Thanks for the info. The MC4000M I'm getting is supposed to be immaculate except for possibly some screw marks from being mounted. The original box is included as well as the manual. Too bad that Channels 5&6 are not bridgeable. It's make a killer amp for Front High/Front Low/Sub or Front/Rear/Sub. If I keep it I'll use it High/Mid/low. There's also a MCC602TM on eBay right now that I've already bid on.  If I get it, I'll definitely keep the MC4000M... and buy a Suburban to put these Juggernauts into, lol.


----------



## Mac2047 (Aug 29, 2011)

JKashat said:


> Thanks for the info. The MC4000M I'm getting is supposed to be immaculate except for possibly some screw marks from being mounted. The original box is included as well as the manual. Too bad that Channels 5&6 are not bridgeable. It's make a killer amp for Front High/Front Low/Sub or Front/Rear/Sub. If I keep it I'll use it High/Mid/low. There's also a MCC602TM on eBay right now that I've already bid on.  If I get it, I'll definitely keep the MC4000M... and buy a Suburban to put these Juggernauts into, lol.


With all goodies you have, I would love to see the pictures when it is done. Would you be able to point me into the direction where I can get MCC404M? PM me if you can. I cannot PM or something since I am a newbie here. Thanks, Mac


----------



## JKashat (Nov 19, 2009)

Mac2047 said:


> With all goodies you have, I would love to see the pictures when it is done. Would you be able to point me into the direction where I can get MCC404M? PM me if you can. I cannot PM or something since I am a newbie here. Thanks, Mac


Don't have a car yet to do an install in. I'm just kind of in hoarding mode at the moment, lol. Don't know where you could get a MCC404M. Wish I had one myself.


----------



## kgliner (Sep 12, 2011)

Congrats!

If anyone knows of another 4000m amp for sale I am looking. Sold mine 7+ years ago when i sold the car it was in. Building another project now. PM or e-mail me if you have info. I think e-mail link is in signature.


----------



## oldno7brand (Mar 15, 2011)

Call me crazy but I swear I remember reading in Car Audio back in the day about a car that was running the MC4000 in competition bridged on channels 5&6 and it outputted something crazy like 900-1000 bridged.......

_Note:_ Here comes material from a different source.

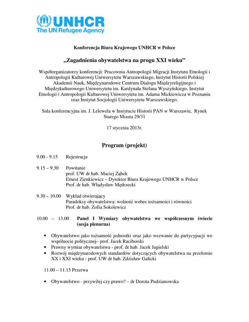 Konferencja Biura Krajowego UNHCR w Polsce „Zagadnienia obywatelstwa na progu XXI wieku” Współorganizatorzy konferencji: Pracownia Antropologii Migracji Instytutu Etnologii i Antropologii Kulturowej Uniwersytetu Warszawskiego, Instytut Historii Polskiej Akademii Nauk, Międzynarodowe Centrum Dialogu Międzyreligijnego i Międzykulturowego Uniwersytetu im. Kardynała Stefana Wyszyńskiego, Instytut Etnologii i Antropologii Kulturowej Uniwersytetu im. Adama Mickiewicza w Poznaniu oraz Instytut Socjologii Uniwersytetu Warszawskiego. Sala konferencyjna im. J. Lelewela w Instytucie Historii PAN w Warszawie, Rynek Starego Miasta 29/31 17 stycznia 2013r. Program (projekt) 9.00 - 9.15 Rejestracja 9.15 – 9.30 Powitanie prof. UW dr hab. Maciej Ząbek Ernest Zienkiewicz – Dyrektor Biura Krajowego UNHCR w Polsce Prof. dr hab. Władysław Mędrzecki 9.30 – 10.00 Wykład otwierający Paradoksy obywatelstwa: wolność wobec tożsamości i równości Prof. dr hab. Zofia Sokolewicz 10.00 – 13.00 • • • Panel I Wymiary obywatelstwa we współczesnym świecie (sesja plenarna) Obywatelstwo jako tożsamość jednostki oraz jako wezwanie do partycypacji we wspólnocie politycznej– prof. Jacek Raciborski Prawny wymiar obywatelstwa - prof. dr hab. Jacek Jagielski Rozwój międzynarodowych standardów dotyczących obywatelstwa na przełomie XX i XXI wieku - prof. UW dr hab. Zdzisław Galicki 11.00 – 11.15 Przerwa • Obywatelstwo - przywilej czy prawo? – dr Dorota Pudzianowska • • • • • • Ciągłość i zmiana. Nowa ustawa o obywatelstwie polskim - Mateusz Sora, Dyrektor Departamentu Obywatelstwa i Repatriacji w Ministerstwie Spraw Wewnętrznych Ku wyzwaniom XXIw. Ewolucja polskiego prawa o obywatelstwie - Agata Ewertyńska, Zastępca Dyrektora Wydziału Spraw Cudzoziemców Mazowieckim Urzędzie Wojewódzkim Obywatelstwo w podhalańskim dyskursie lokalnym – prof. UW dr hab. Anna Malewska “Obywatelstwo” w tradycji i nauczaniu Kościoła – prof. UKSW dr hab. Jarosław Różański Obywatelstwo i tożsamość mniejszości narodowej. Przykład dwujęzycznych, polsko-niemieckich, nazw miejscowości w województwie opolskim - prof. UW, dr hab. Sławomir Łodziński Polscy Żydzi – emigranci odzyskujący polskie obywatelstwo (tbc)- dr Kamila Dąbrowska Dyskusja 13.00 – 13.45 Lunch 13.45 - 15.15 Panel II Obywatelstwo w wymiarze regionalnym, krajowym i lokalnym (sesje równoległe) Sesja A. • Obywatelstwo z perspektywy społeczno-etycznej. Przypadek Wielkiej Brytanii – prof. Jan Balicki • Kurdowie w Polsce – na drodze dialogu i porozumienia – dr Maciej Kurcz • Nieobecny dylemat? Warunki naturalizacji cudzoziemców w Polsce - Marta Szaranowicz-Kusz • Kwestia obywatelstwa i przypadki bezpaństwowości w krajach Rady Współpracy Zatoki Arabskiej – Mustafa Switat Dyskusja Sesja B. • Kwestia tubylcza a status obywatela w Kamerunie - prof. dr hab. Ryszard Vorbrich • Problem narodu i obywatelstwa w podzielonym Sudanie - prof. UW dr hab. Maciej Ząbek • Obywatelstwo i etniczność. Budowanie państwa w warunkach różnorodności kulturowej – dr Małgorzata Szupejko • O obywatelu w Afryce – dr Krzysztof Trzciński Dyskusja 2 15.15 – 15.30 Przerwa 15.30 – 16.45 Panel III Obywatelstwo a status uchodźcy (sesja plenarna) • • • • Wyobrażony status uchodźcy i niechciane obywatelstwo. Tybetańczycy w Indiach - dr Natalia Bloch Złudny status – status uchodźcy. Wpływ zastanych regulacji prawnych na ludzkie losy – dr Izabela Czerniejewska, dr Katarzyna Kość-Ryżko Obywatelstwo i status uchodźcy a kwestia tożsamości. Argentyńscy uchodźcy w Hiszpanii w latach 70. i 80. XX w. – dr Magdalena Frątczak - Obojska Rio Grande - znikający punkt – dr Magdalena Krysińska – Kałużny Dyskusja 16.45 Zamknięcie konferencji 3

Again I even remember the disclaimer and not sure what he did to do it but I remember it


----------



## vapor77 (Mar 12, 2011)

bump for a Mac update. Did you get that MC4000? I wanna see pics.


----------



## yuri (Apr 11, 2009)

just to put it out there , i have a mc4000m that i would deal/swap with for a mcc602tm .
or if anyone knows of a 602 for sale ,let me know ....

cheers


----------